Blog - Al Setka, COmmunications Director

Great Ape Trust hosting Des Moines Register reporter in Rwanda
Sunday, September 13, 2009 at 12:06pm

As communications director for Great Ape Trust, I have the good fortune to spend three weeks this month in Africa in support of an important conservation initiative in Rwanda called the Gishwati Area Conservation Program (GACP).

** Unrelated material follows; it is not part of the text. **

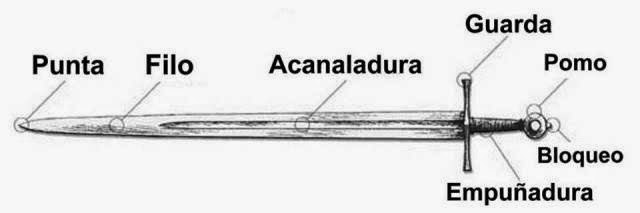 2. Lo segundo importante era tratar de distinguir las partes de la espada para hacerla lo más realista posible. Aquí encontramos una descripción breve pero muy ilustrativa

Two years ago, Great Ape Trust and Earthpark Founder Ted Townsend and H.E. President Paul Kagame of Rwanda created this project at the Clinton Global Initiative. In conjunction with our Rwandan partners, we’re working to restore the depleted Gishwati Forest Reserve. This in turn will reduce flooding and soil erosion, improve water quality and create economic development opportunities for the region. (To learn more, go to www.GreatApeTrust.org and look under the Conservation section atop the homepage toolbar).

Community outreach programs to local villagers and school children are ongoing under the direction of Rwandan Madeleine Nyiratuza, the in-country program coordinator for GACP. Meantime, a scientific research field station has been established by Dr. Rebecca Chancellor to study 14 chimpanzees that are isolated in this pocket of rain forest. To improve the sustainability of that tiny population of chimpanzees, a long-range goal is to create a 30-mile forest corridor from Gishwati to Nyungwe National Park where hundreds of chimpanzees are located.

Dr. Benjamin Beck, conservation director at Great Ape Trust is the moving force behind the Gishwati Area Conservation program. He and I are in Rwanda this month meeting with the GACP teams to work on the 2010 action plan and to host Perry Beeman, an environmental writer for The Des Moines Register and Gannett News Service. Through a fellowship with the International Reporting Program at Johns Hopkins University, Beeman is working on a series of articles about GACP, eco-tourism opportunities in Rwanda and Iowans working on unique initiatives in this African nation.

When the opportunities present themselves, I’ll post updates and images from Rwanda. I look forward to your feedback.